Delaying repairs to save money and dehumanising your holders … Adam Forrest becomes a virtual landlord and learns some interesting and depressing lessons
Building my first high-rise tower wasnt too difficult. I threw up some studio apartments, robbed them up with ability and phone lines, arranged for a rubbish collect, and welcomed my first holders. I jam-pack the people in, stacked the units, and the profits soon began to heap up nicely.
Its fun being a virtual landowner. Ive been playing Project Highrise, a PC and Mac real estate administration pretending, since video games release in September. It yields cash-strapped renters like me a chance to pander the wild fiction of owning owned. It also offers members of Generation Rent some insight into how real-world proprietors and largest developers actually do business.

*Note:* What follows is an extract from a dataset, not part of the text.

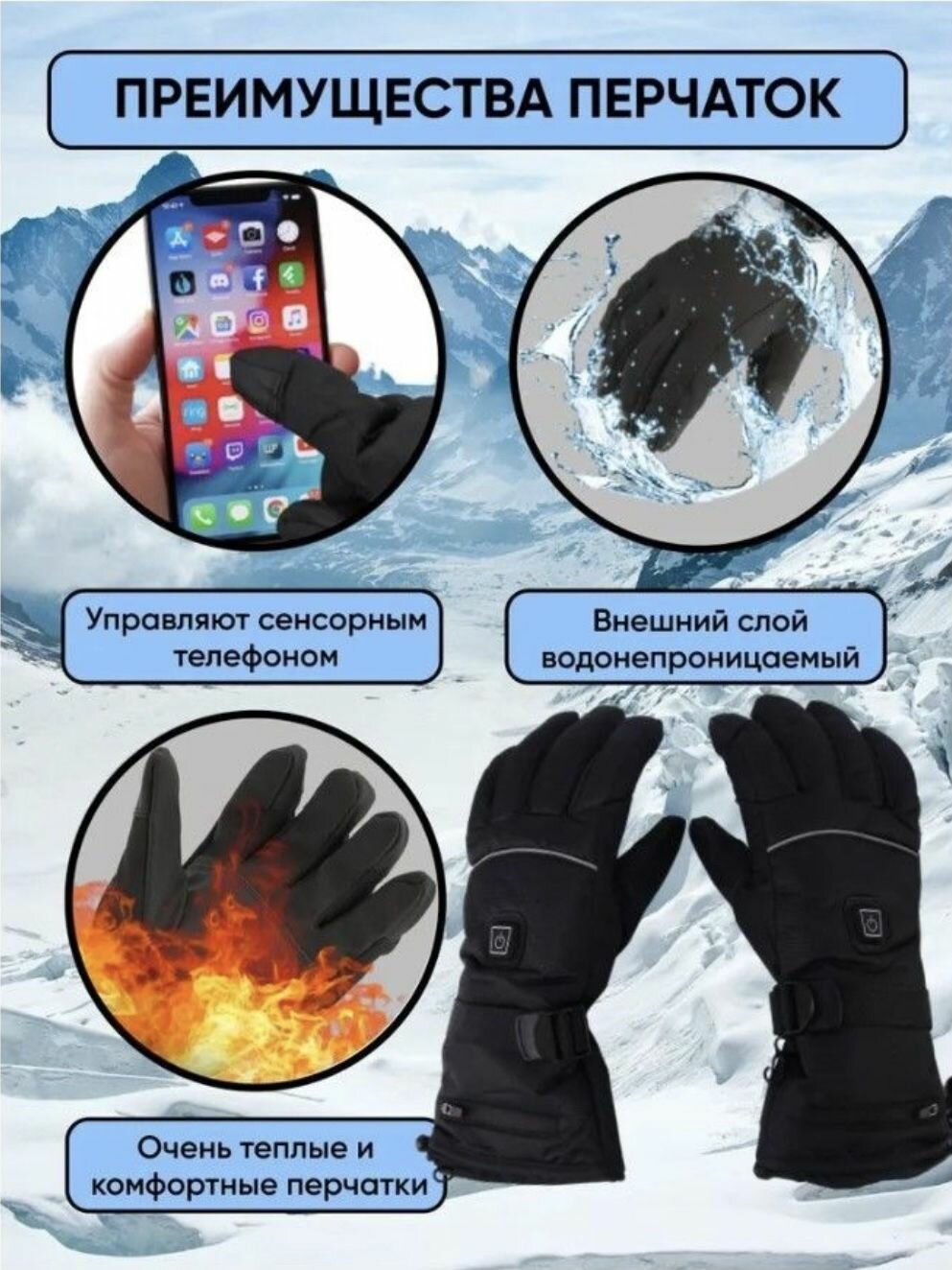 10 цен на Термоперчатки с подогревом. 3 режима. XL.

Despite its cutesy illusion, video games is surprisingly detailed and utterly unsentimental. You begin the game by managing the costs of building infrastructure, and trying to avoid taking on too much bank obligation before your holders can provide a steady revenue stream. Before too long, youre hiring consultants to hall city hall for a metro station and wished to know whether statu artwork in the hallway might captivate higher-paying residents.

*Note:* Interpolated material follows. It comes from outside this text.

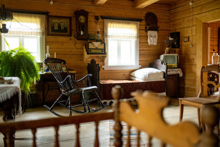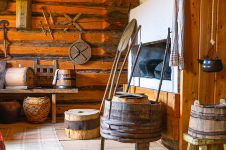 Samara region, Russia - May 11, 2019: Vintage wooden house utensils in rural home. Interior of the house museum of famous painter Ilya Repin in Shiryaevo village

In becoming a digital Donald Trump, I learned some interesting, if somewhat depressing assignments. For one thing, its costly to lose holders. You dont miss a daytime to go by without any lease; and you dont want to have to reach into your pocket to refurbish an empty flat to make it rentable again. So its best to retain all current holders happy, if you are able to. But specifying up occupied apartments that have turned grimies is likewise expensive, so its worth trying to hold out as long as possible without doing repairs.